I Built a Support Agent That Never Forgets Every engineer knows the frustration of broken support systems. Customers repeat the same issue, agents dig through old tickets, and chatbots spit out generic answers. I wanted to fix that by building something different: a support agent that doesn’t forget. What the System Does and How It Hangs Together The system is a customer support agent powered by…

Engineers often grapple with inadequate support systems, where customers repeat issues, agents sift through outdated tickets, and generic chatbots provide unsatisfactory answers. The author sought to construct a support agent that retained information from previous interactions, addressing this prevalent problem. The system employs Hindsight, a customer support agent powered by artificial intelligence, which retains data from prior tickets, gauges frustration levels, and recalls effective solutions from the past.

Over time, the system discerns patterns, such as the most efficient fixes and appropriate tones to calm irate users. The architecture comprises three layers: the language model (LLM) layer for natural conversation, Hindsight memory layer for recalling and learning, and the support API integration layer for ticket generation, updates, and resolution tracking.

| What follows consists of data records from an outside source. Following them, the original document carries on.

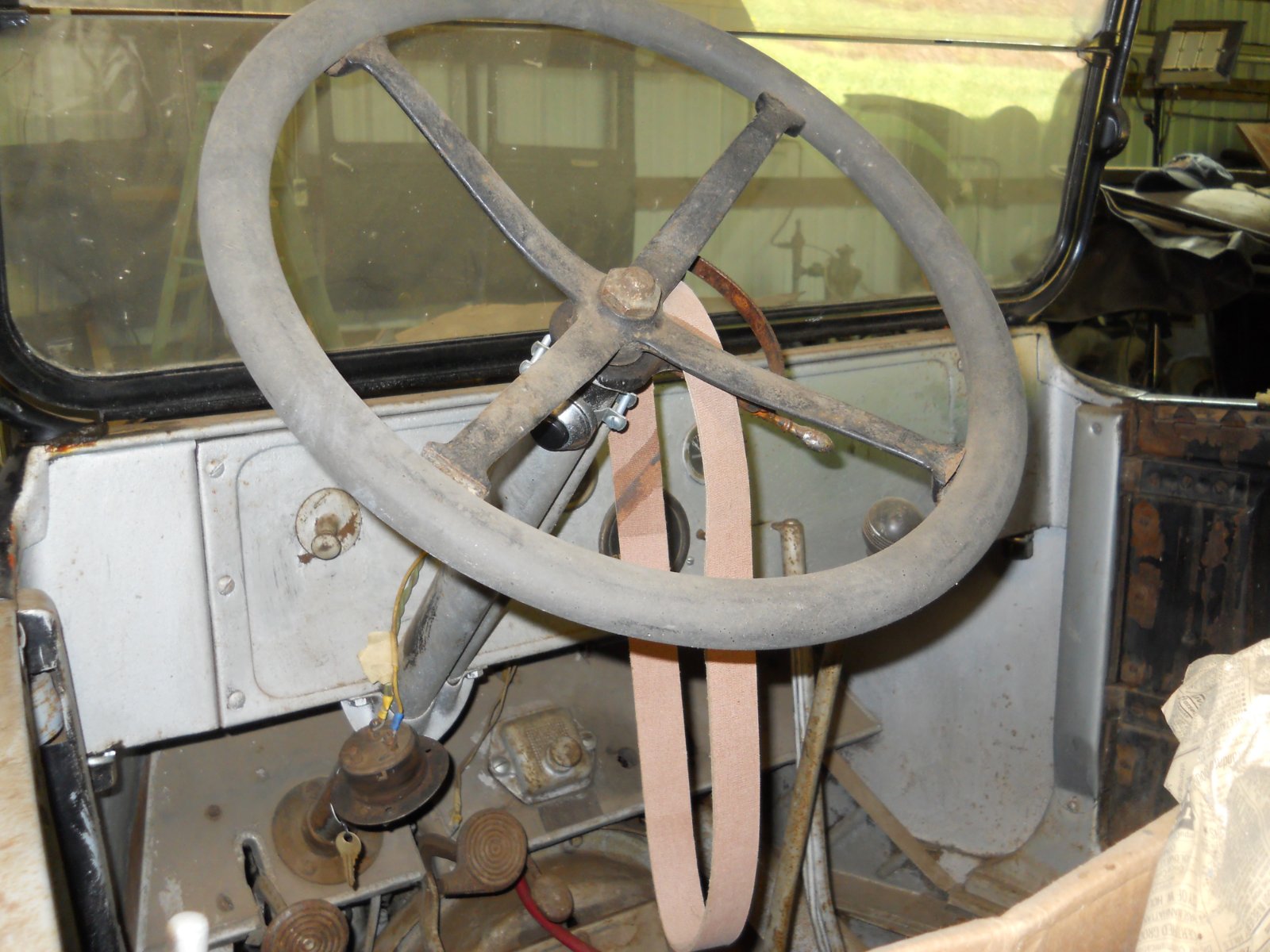 I have my engine and trans sorted out and even drove down the lane and back. Currently I am working on the top bows. The bent wood bows need shaped to fit inside the metal bows and be cut to the length needed for the correct overall shape. Here is a picture of the bows wired together at the correct hieght and shape with the exception of the front bow that needs to be shorter to be closer to the windshield. Art
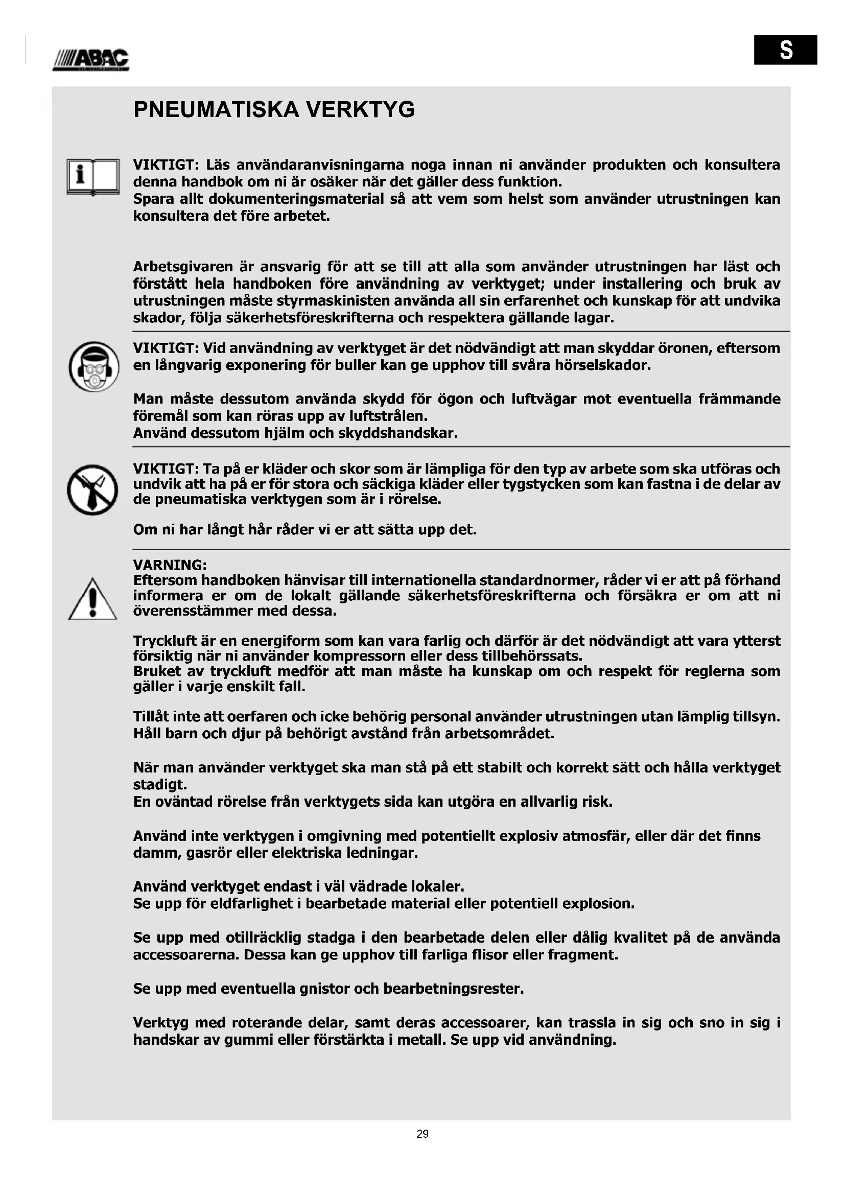 PNEUMATISKA VERKTYG VIKTIGT: Läs användaranvisningarna noga innan ni använder produkten och konsultera denna handbok om ni är osäker när det gäller dess funktion. Spara allt dokumenteringsmaterial så att vem som helst som använder utrustningen kan konsultera det före arbetet. Arbetsgivaren är ansvarig för att se till att alla som använder utrustningen har läst och förstått hela handboken före användning av verktyget; under installering och bruk av utrustningen måste styrmaskinisten använda all sin erfarenhet och kunskap för att undvika skador, följa säkerhetsföreskrifterna och respektera gällande lagar. VIKTIGT: Vid användning av verktyget är det nödvändigt att man skyddar öronen, eftersom en långvarig exponering för buller kan ge upphov till svåra hörselskador. Man måste dessutom använda skydd för ögon och luftvägar mot eventuella främmande föremål som kan röras upp av luftstrålen. Använd dessutom hjälm och skyddshandskar. VIKTIGT: Ta på er kläder och skor som är lämpliga för den typ av arbete som ska utföras och undvik att ha på er för stora och säckiga kläder eller tygstycken som kan fastna i de delar av de pneumatiska verktygen som är i rörelse. Om ni har långt hår råder vi er att sätta upp det. VARNING: Eftersom handboken hänvisar till internationella standardnormer, råder vi er att på förhand informera er om de lokalt gällande säkerhetsföreskrifterna och försäkra er om att ni överensstämmer med dessa. Tryckluft är en energiform som kan vara farlig och därför är det nödvändigt att vara ytterst försiktig när ni använder kompressorn eller dess tillbehörssats. Bruket av tryckluft medför att man måste ha kunskap om och respekt för reglerna som gäller i varje enskilt fall. Tillåt inte att oerfaren och icke behörig personal använder utrustningen utan lämplig tillsyn. Håll barn och djur på behörigt avstånd från arbetsområdet. När man använder verktyget ska man stå på ett stabilt och korrekt sätt och hålla verktyget stadigt. En oväntad rörelse från verktygets sida kan utgöra en allvarlig risk. Använd inte verktygen i omgivning med potentiellt explosiv atmosfär, eller där det nns damm, gasrör eller elektriska ledningar. Använd verktyget endast i väl vädrade lokaler. Se upp för eldfarlighet i bearbetade material eller potentiell explosion. Se upp med otillräcklig stadga i den bearbetade delen eller dålig kvalitet på de använda accessoarerna. Dessa kan ge upphov till farliga isor eller fragment. Se upp med eventuella gnistor och bearbetningsrester. Verktyg med roterande delar, samt deras accessoarer, kan trassla in sig och sno in sig i handskar av gummi eller förstärkta i metall. Se upp vid användning.30
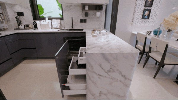 收纳系统依托博洛尼整体橱柜,利用转角空间、钻石台面及下拉式拉篮等设计,配合可按压开柜、反光镜等巧思,✅✅华润外滩瑞府售楼处电话:400 - 882 - 4258✅✅大幅提升空间利用率与取物便利性。厨房装修采用E0级环保板材与抗菌岩板,从源头杜绝污染,确保耐用易清洁。

This modular design ensures a clean separation of concerns, with the LLM responsible for language processing, Hindsight for context management, and the APIs handling business logic. The key challenge was devising a structured memory system. Instead of employing a jumbled collection of transcripts, each ticket interaction is documented with metadata, including the customer ID, issue type, resolution outcome, and sentiment score.

This enables the agent to retrieve relevant information intelligently. For example, if a customer reports a login issue, the agent can review all previous login-related tickets and propose the fix that proved most effective. Sentiment analysis was another critical aspect. Integrating a lightweight sentiment classifier allowed the agent to adapt its tone based on the customer's frustration level.

High frustration would trigger an empathetic response, while neutral sentiment would prompt a concise answer. The author demonstrated how this memory-powered support system could deliver a more human-like experience. For instance, in an e-commerce delivery issue, the agent could recall past delivery delays for the customer and promptly escalate the matter to logistics, resulting in a quicker resolution.

Similarly, in a software bug recurrence scenario, the agent could recognize the customer's previous encounter with a similar bug and offer a well-known workaround, demonstrating the agent's recognition of the customer's situation. The billing dispute scenario further highlighted the agent's consistency by applying the same resolution path to past issues.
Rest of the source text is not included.